NEW YORK — As he talked about finding his identity as a hitter, believing he has a better understanding of who he is and isn't at the plate, J.P. Crawford said: "I've finally realized the type of hitter I am. I'm not gonna go out and hit 20 home runs. I know that. And I'm trying to do that anymore."
Not 10 seconds after saying that, Crawford watched what seemed like a routine flyball off the bat of Jarred Kelenic during batting practice carry all the way into the right field stands of Yankee Stadium. He offered a knowing smirk, seeing verification of what he'd long heard about the short porch and easy home runs that can happen in the big ballpark in the Bronx.
"Well, I might hit 20 here," he said with a shake of the head. "Easy."
Despite playing more than 300 games over parts of five big league seasons — two with the Phillies and three with the Mariners — Crawford has never played a game at Yankee Stadium.
"The other years I was on the IL," he said. "I actually came here a couple of days before the draft (2013 when he was taken 16th overall by the Phillies) and just looking around. It was one of the first big league parks I've ever been to. I was like, wow. It really opened my eyes and to see a really iconic big stadium for the first time."
Even for a kid that grew up in Long Beach in baseball-crazed Southern California, he still understood the allure of playing in New York.
"It's always been a dream of mine to play here," he said.
Now he will play here for the first time in a key four-game series against the Yankees, a team they are battling for the second wild card.
"We had an interesting series with them last in Seattle and I'm excited to get going here," he said. "They are a good team and I'm excited to keep playing the way we are and not changing anything — just treat them like another team."
Coming out of the All-Star break, Crawford wasn't quite as productive as he was going into it. In his first nine games, he had five singles in 41 plate appearances with two walks and 10 strikeouts for a .128/.171/.128 slash line.
"You saw him have a couple of games where he started rolling over a lot of balls to the pull side — soft ground balls to second base and first base," Servais said. "It's just kind of a bat-path thing. He's worked all year long to kind of clean that up. He just got a whack for a little bit."
But unlike in past years, his simpler approach and swing allowed him to pull out of it quicker than in the past. Over his past nine games going into Thursday, he had a .325/.386/.375 slash line with 13 hits in 44 plate appearances, eight runs scored, two doubles, three RBI, three walks and eight strikeouts.

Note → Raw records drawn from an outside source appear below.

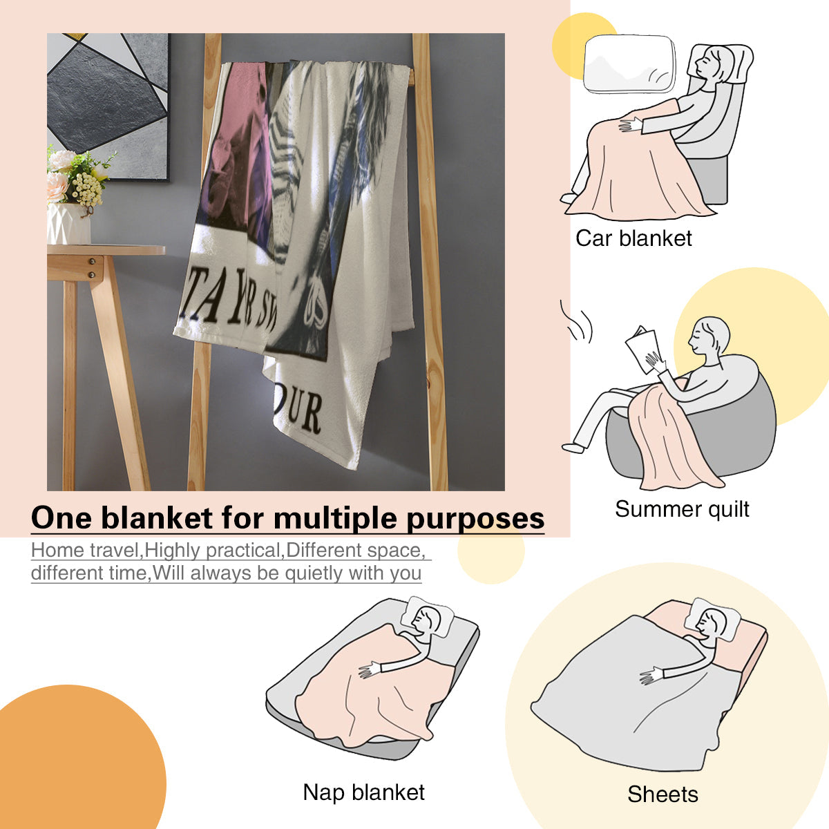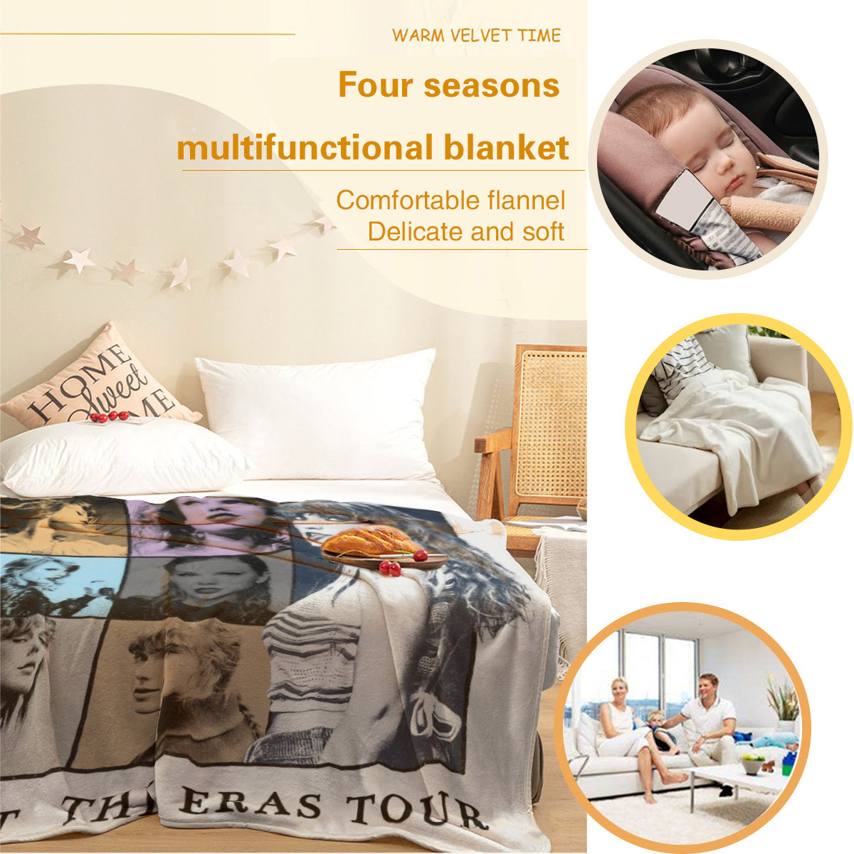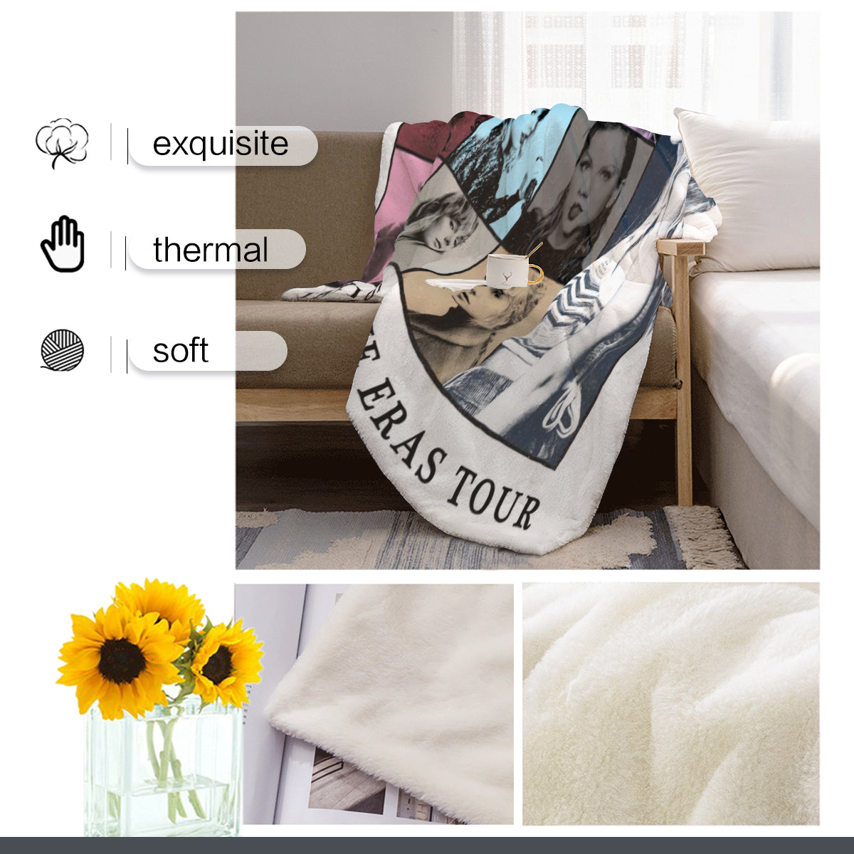 【Taylor Swift The Eras Tour Decor】 This cute Taylor Swift The Eras Tour blanket throw uses a Taylor Swift The Eras Tour pattern. The unique Taylor Swift The Eras Tour design adds decoration to your room, allowing blankets to easily blend into your home decoration style, making your home warm and stylish.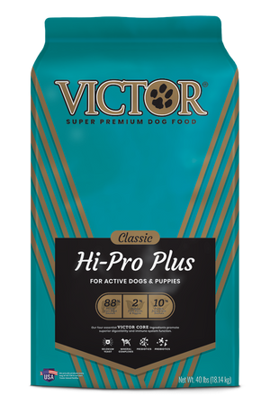 VICTOR Classic Hi-Pro Plus Dog Food is a grain inclusive formula for active dogs and puppies with high protein and fat and only 30% carbohydrates. This formula contains added vitamins and minerals for a healthy digestive system and contains NO corn, wheat, soy or gluten and NO GMO ingredients. The primary proteins in this food are Beef and Chicken.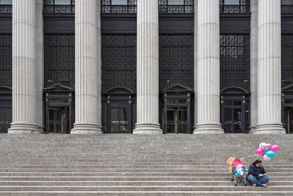 People here are not portrayed as individuals but as anonymous figures against the larger backdrop of their urban environment, together providing meaning to the scene.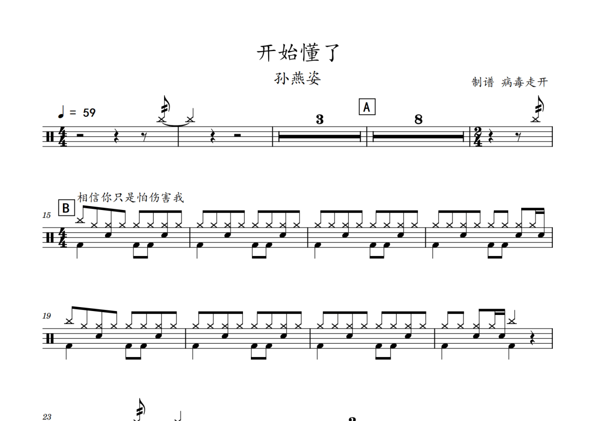 《开始懂了》是孙燕姿演唱的一首歌曲,拍号为4/4拍,歌曲速度为每分钟59拍,这份鼓谱共有两张高清图谱,图谱由 @老虎不说谎 编配上传,图谱使用五线谱编配,使用这份开始懂了架子鼓谱,你将能够轻松地敲打出这首孙燕姿的开始懂了,快来尝试吧。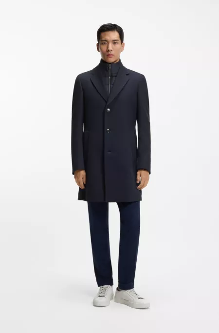 Crafted in a water-repellent wool blend with a herringbone pattern, this BOSS Menswear coat is a trans-seasonal essential. Slim fit. Detachable zipped inner.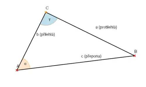 - Kosinus je poměr délky odvěsny přilehlé tomuto úhlu a délky přepony.

"The biggest thing for me this year is the mental side of it," he said. "I learned you're going to get out a lot throughout the course of a whole season. If you are 400 or 500 ABs, you're gonna get out 200 or 300 times and that's even having a great year. You just take that into perspective. You can't get down on yourself. You've just got to keep putting in the work every day, trusting in yourself that you're going to get out of it and you're just not pressing it."
Big series in Spokane
For Mariner fans living in eastern Washington, they will get the chance to see some of the organization's top prospects and a rehabbing big league pitcher over the weekend as the High-A Everett AquaSox are in the midst of a six-game road series vs. the Spokane Indians, which started on Tuesday and ends on Sunday.
Right-hander Emerson Hancock, the organization's No. 5 prospect per Baseball America, started on Wednesday night, pitching 3 2/3 innings and allowing one run on two hits with a walk and three strikeouts. It was his second appearance since returning from a monthlong absence on the injured list due to shoulder fatigue.
Right-hander George Kirby, the No. 4 prospect in the organization, will pitch Saturday night while left-hander Justus Sheffield will make his first rehab appearance since being placed on the injured list with a left forearm and an oblique strain just before the All-Star game.
"He's going to continue to build up volume and arm strength," Servais said. "He needs to get some innings under his belt."